*Problem to solve*:
Pictures found in the material must be left out, and every line returned as written.

*Recorded information*:
============

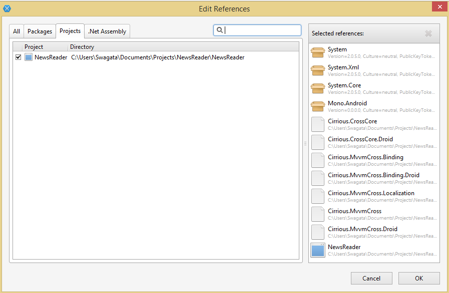 Now, we do have our Android project that would be based on our PCL. Now go to the project references and add our NewsReader PCL to the project reference.
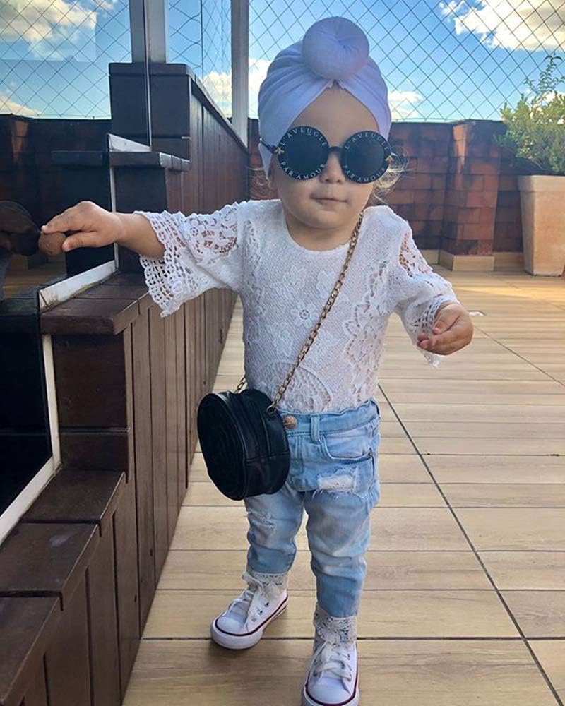 Geagodelia Babykleidung Set Baby Mädchen Kleidung Outfit Langarm Spitze Body Strampler + Jeans Hose
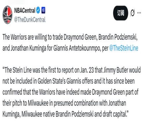 Stein表示:“1月23日我們已率先報(bào)道,吉米-巴特勒不會被納入勇士隊(duì)追逐字母哥的交易報(bào)價(jià)中。此后消息得到證實(shí),勇士隊(duì)為說服雄鹿交易,已明確將德雷蒙德-格林納入交易方案,這份報(bào)價(jià)大概率還包含喬納森-庫明加、土生土長的威斯康星州密爾沃基人波杰姆斯基,以及若干選秀資產(chǎn)?!?/p>
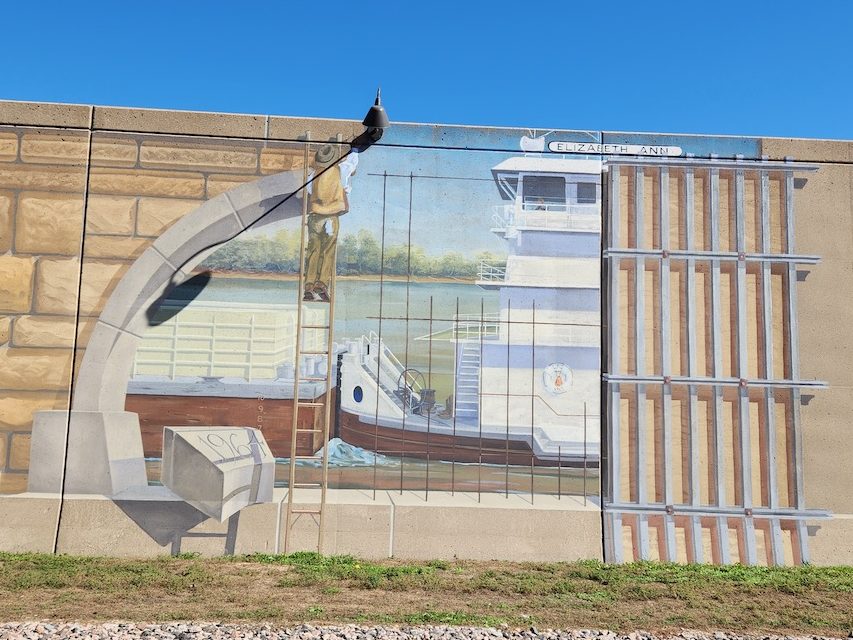 We also took a walk along the floodwall, which is decorated by murals that depict the history of the area. (We saw a similar set in Paducah, KY when we visited there.) We walked in reverse order – so that the way I have presented these. Dated 1964, the first one depicts the completion of flood wall, which is over a mile of concrete and earthen levees. The next one is depicting the Riverboat and Jazz ages in 1924/25. Then there is the statehood panel from 1921, and finally the Lewis & Clark expedition which came through Cape Girardeau in November 1803. There were about 20 others, but … figured that was enough history for you.

============

*Solution to this exercise*:
 Now, we do have our Android project that would be based on our PCL. Now go to the project references and add our NewsReader PCL to the project reference.
 Geagodelia Babykleidung Set Baby Mädchen Kleidung Outfit Langarm Spitze Body Strampler + Jeans Hose
 Stein表示:“1月23日我們已率先報(bào)道,吉米-巴特勒不會被納入勇士隊(duì)追逐字母哥的交易報(bào)價(jià)中。此后消息得到證實(shí),勇士隊(duì)為說服雄鹿交易,已明確將德雷蒙德-格林納入交易方案,這份報(bào)價(jià)大概率還包含喬納森-庫明加、土生土長的威斯康星州密爾沃基人波杰姆斯基,以及若干選秀資產(chǎn)?!?/p>
 We also took a walk along the floodwall, which is decorated by murals that depict the history of the area. (We saw a similar set in Paducah, KY when we visited there.) We walked in reverse order – so that the way I have presented these. Dated 1964, the first one depicts the completion of flood wall, which is over a mile of concrete and earthen levees. The next one is depicting the Riverboat and Jazz ages in 1924/25. Then there is the statehood panel from 1921, and finally the Lewis & Clark expedition which came through Cape Girardeau in November 1803. There were about 20 others, but … figured that was enough history for you.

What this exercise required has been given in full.